WHAT TO DO:
With the pictures left aside, write out exactly the lines of the listing below from the line with "Τιμή μονάδας σε" to the line with "People perform a", both included, and only those.

--------------------

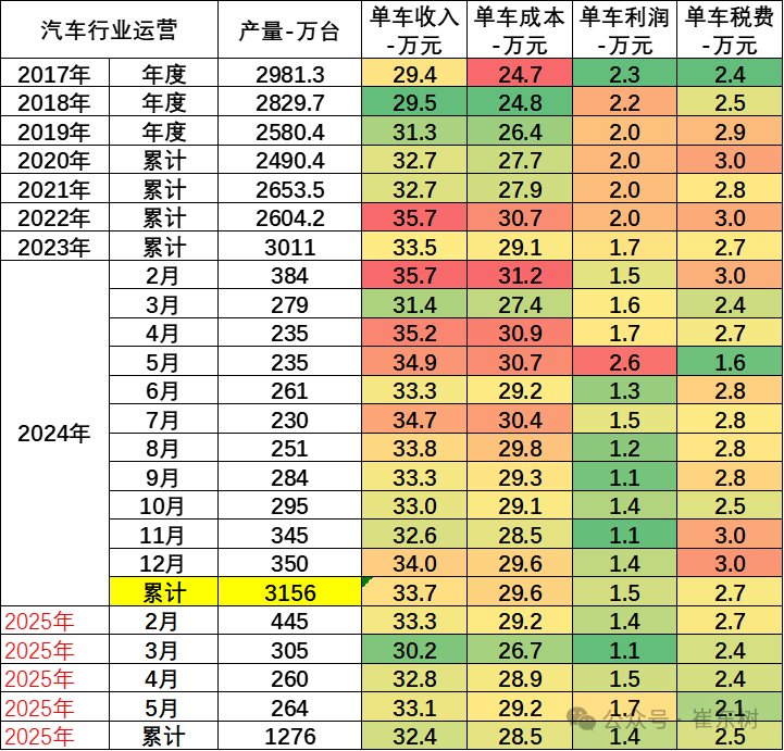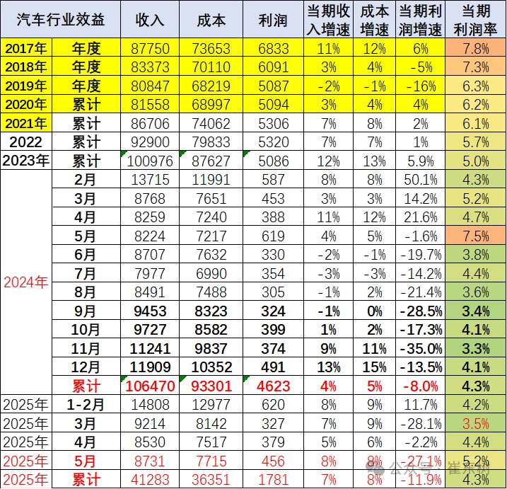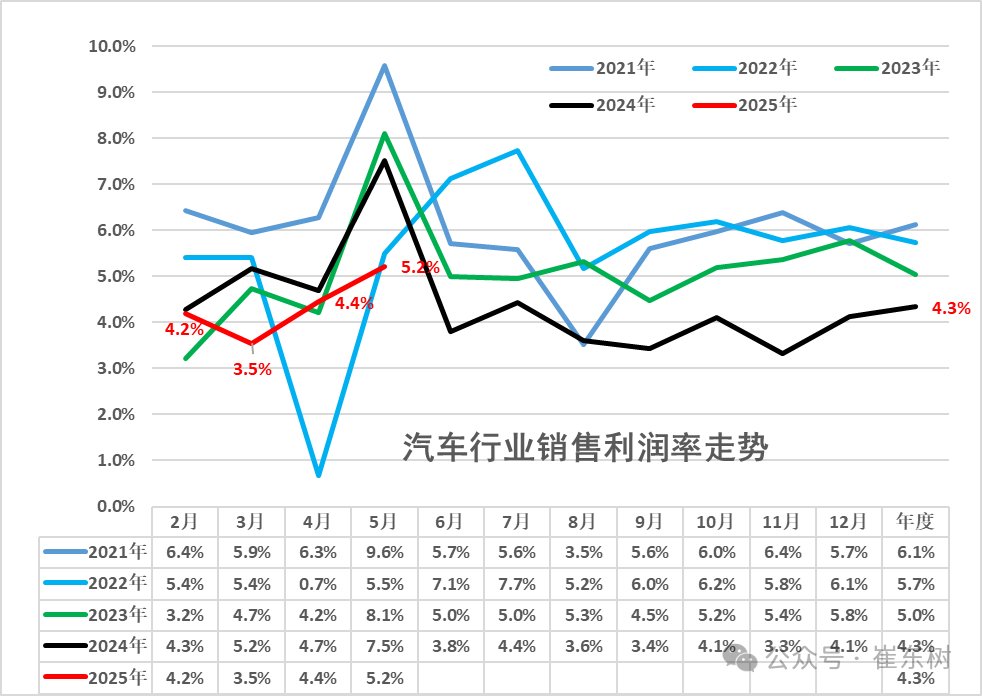 乘联分会秘书长崔东树发文称,在汽车置换更新补贴政策带动下,2025年汽车生产1276万台,同比增11%;2025年1-5月的汽车行业收入41283亿元,同比增7%;成本36351亿元,增8%;利润1781亿元,同比下降11.9%;汽车行业利润率4.3%,相对于下游工业企业利润率5.7%的平均水平,汽车行业仍偏低,但较1-4月的4.1%利润率有所改善。
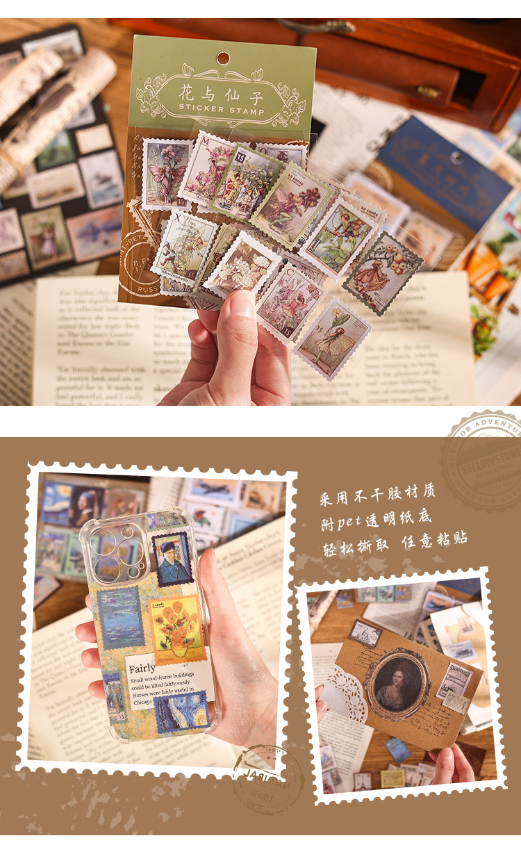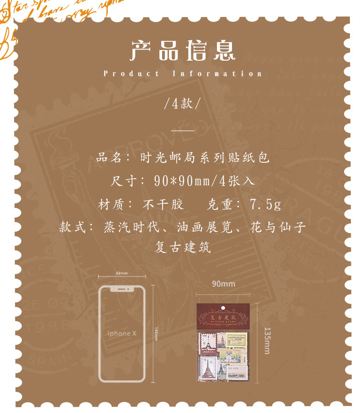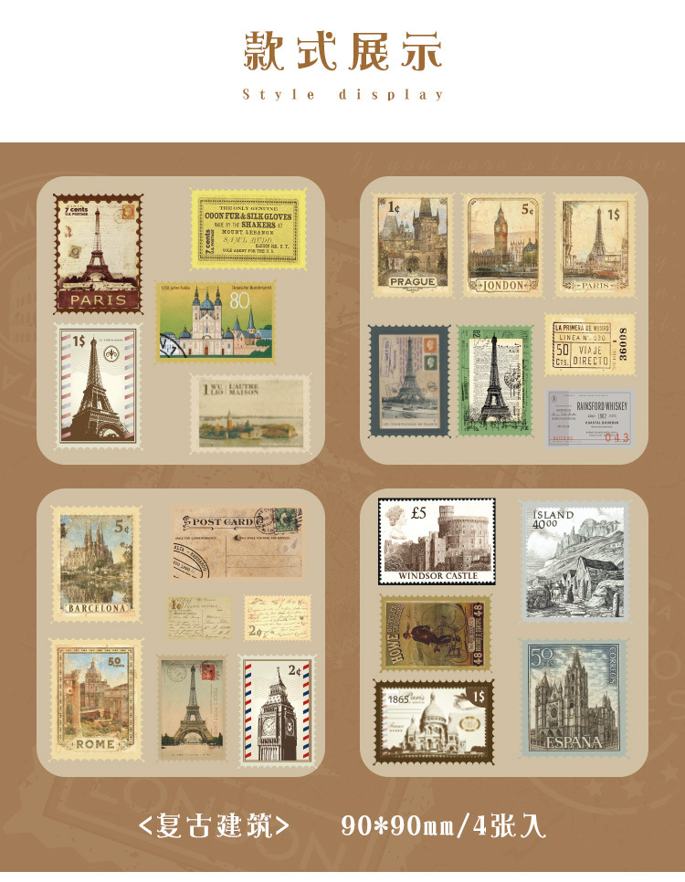 레트로 우표 핸드북 스티커 팩 시간 우체국 시리즈 예술적 핸드북 일기 재료 DIY 장식 스티커스토어 가기
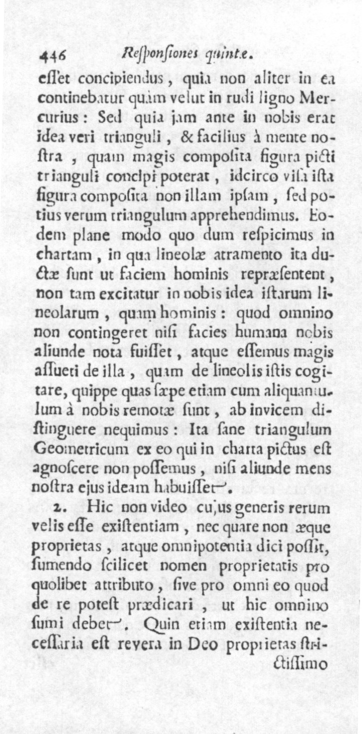 machinae tale artificium objectivum contineat potius quam aliud, hoc profectohabere debet ab aliqua causa ; estque idem respectu hujus artificium objectivum, quod respectu ideae Dei realitas objectiva. Et quidem hujus artificii causa varia potest assignari, vel enim est realis aliqua talis machina prius visa, ad cujus similitudinem idea ista formata est, vel magna Mechanicae scientia quae est in illo intellectu, vel forte magna ingenii subtilitas, cujus ope etiam sine praevia scientia potuit illam invenire. Notandumque omne artificium quod in idea illa est tantum objective, necessario esse debere in ejus causa, qualiscunque tandem illa sit, vel formaliter, vel eminenter. Et idem etiam de realitate objectiva quae est in idea Dei, esse putandum. In quonam vero haec ita erit nisi in Deo realiter existente ? Sed vidit optime haec omnia vir perspicax, ideoque fatetur peti posse cur haec idea hanc realitatem objectivam potius contineat quam illam, eique quaestioni respondit primo de ideis omnibus idem esse quod scripsi de idea trianguli, nempe etsi forte triangulum nullibi gentium existat, esse tamen ejus determinatam Elzevier, p. 112
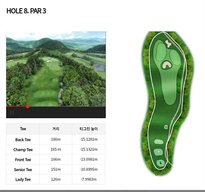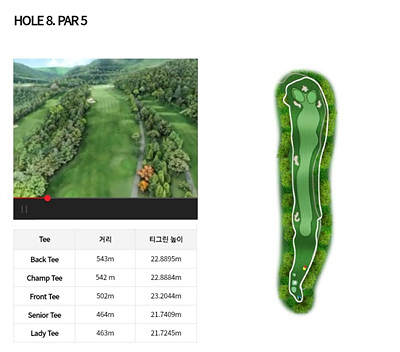 8번 홀을 502m의 긴 거리와 좌우가 모두 OB로 구성된 비교적 난도가 있는 홀입니다. 23m 높이로 티샷을 해야 하며 드라이브 거리가 짧거나 초보자에게는 다소 어려운 홀일 수 있습니다.
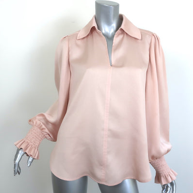 See By Chloe Blouson-Sleeve Collared Blouse Smoky Pink Satin Twill Siz...
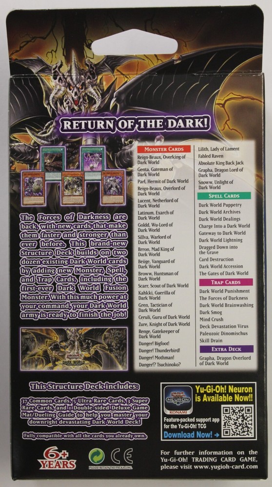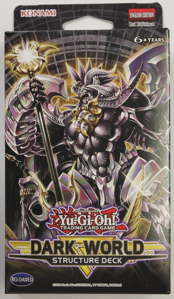 What is for purchase is a sealed Yugioh Dark World Structure Deck. The item is sealed in new condition. Included are: 37 Common Cards 5 Ultra Rare Cards 3 Super Rae Cards 1 Double-Sided Deluxe Game Ma...
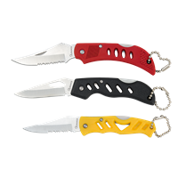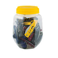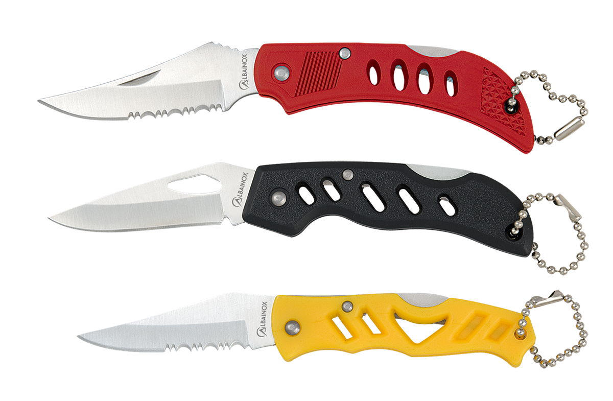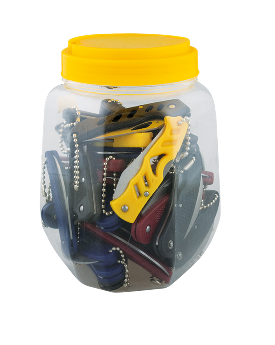 Τιμή μονάδας σε συσκευασία 36 τεμαχίων Assorted can. Includes 36 pocket knives: - Yellow (5.4 cm blade) - Black (5.5 cm blade) - Red (6 cm blade) All knives with PVC handles and strings.
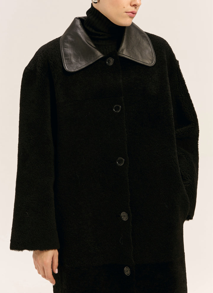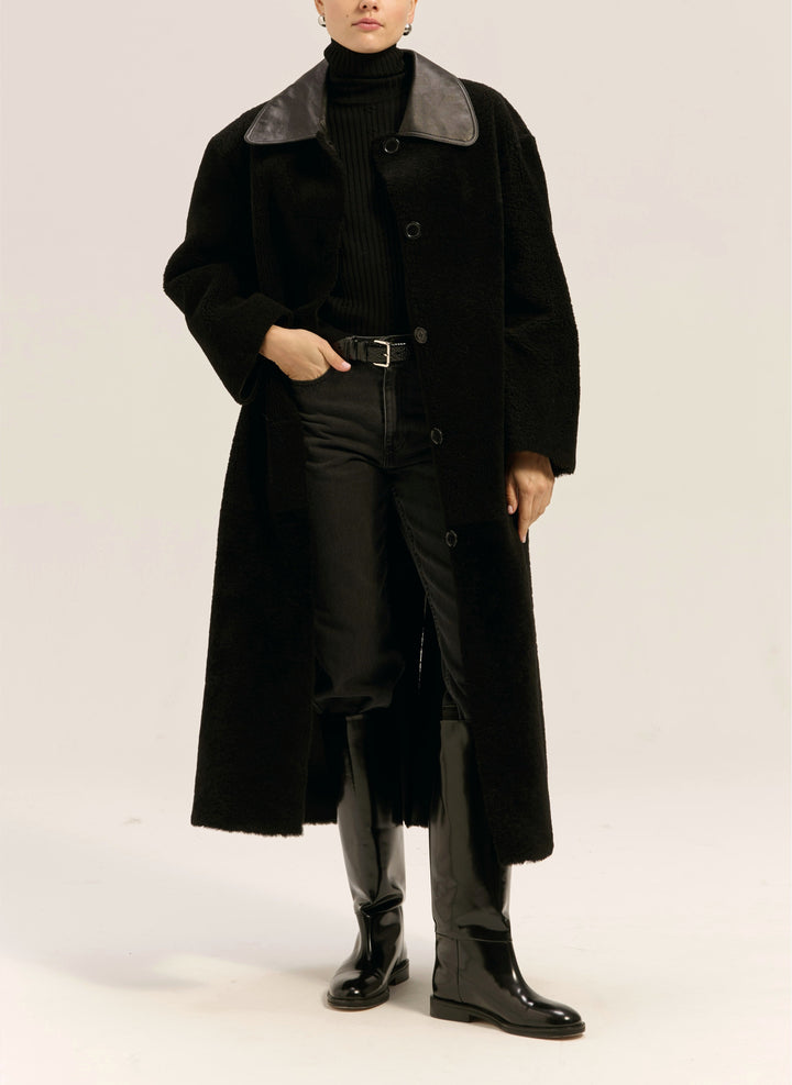 Kożuch maxi z wełny owczej z krótkim włosem o pudełkowym kroju - Molly
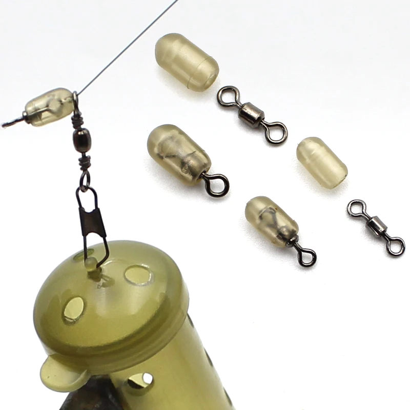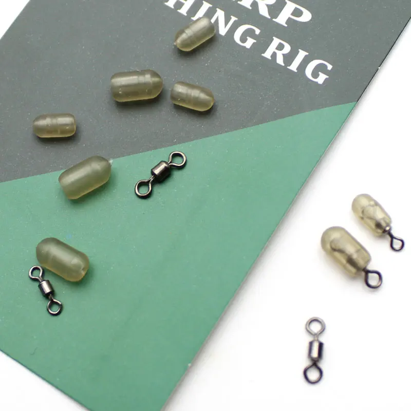 Las cuentas de tope giratorias pueden absorber el impacto causado por el impacto de un comedero o bomba durante los lanzamientos más potentes. La cuenta de goma está diseñada para albergar el anillo superior y el barril del giratorio y dejar el anillo inferior sobresaliendo y libre de girar.
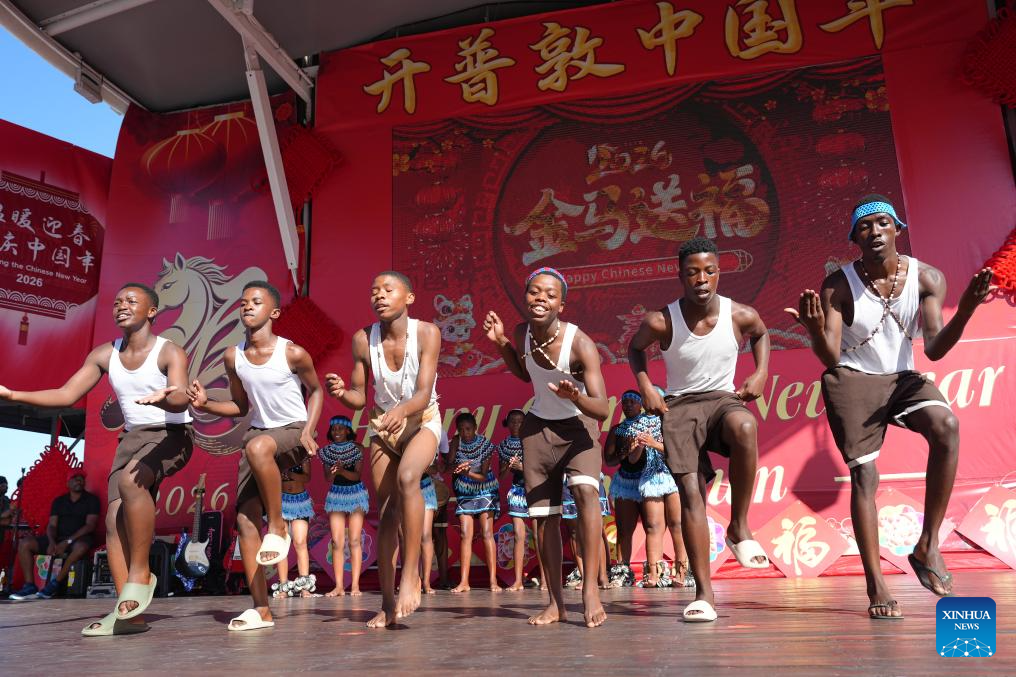 People perform a traditional Chinese dance during an event in celebration of the Chinese New Year in Cape Town, South Africa, on Feb. 1, 2026. The bustling Victoria & Alfred Waterfront in Cape Town, South Africa's legislative capital, came alive with vibrant colors and lively performances on Sunday as the upcoming Chinese New Year was celebrated.
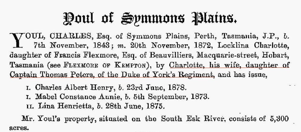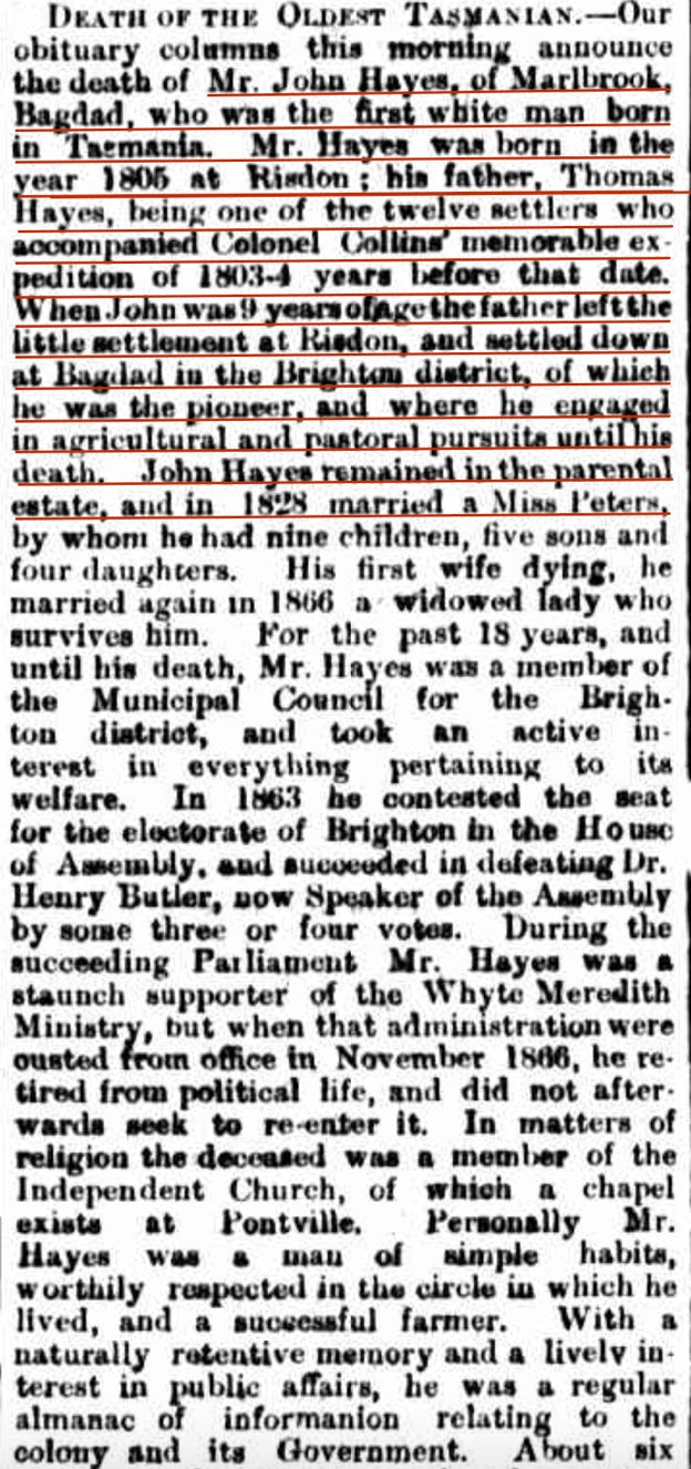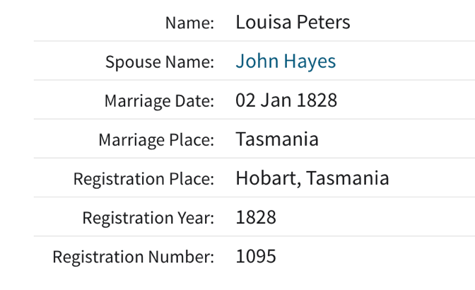 On 2nd January 1828 Louisa Peters, the 4th daughter of Thomas and Mary ‘Ann’ Peters, married John Hayes. It was ten years since her eldest sister Elizabeth had married George Armytage, (by then five of that couple’s 12 children had been born). John Hayes’ parents had been free settlers with Lieutenant-Governor David Collins' expedition. He has the distinction of being the first Free Born white male child born in Tasmania. John Hayes and Elizabeth Hayes nee Peters lived at Marlebrook, Bagdad. They had 10 children.

--------------------

COMPLETED TASK:
 Τιμή μονάδας σε συσκευασία 36 τεμαχίων Assorted can. Includes 36 pocket knives: - Yellow (5.4 cm blade) - Black (5.5 cm blade) - Red (6 cm blade) All knives with PVC handles and strings.
 Kożuch maxi z wełny owczej z krótkim włosem o pudełkowym kroju - Molly
 Las cuentas de tope giratorias pueden absorber el impacto causado por el impacto de un comedero o bomba durante los lanzamientos más potentes. La cuenta de goma está diseñada para albergar el anillo superior y el barril del giratorio y dejar el anillo inferior sobresaliendo y libre de girar.
 People perform a traditional Chinese dance during an event in celebration of the Chinese New Year in Cape Town, South Africa, on Feb. 1, 2026. The bustling Victoria & Alfred Waterfront in Cape Town, South Africa's legislative capital, came alive with vibrant colors and lively performances on Sunday as the upcoming Chinese New Year was celebrated.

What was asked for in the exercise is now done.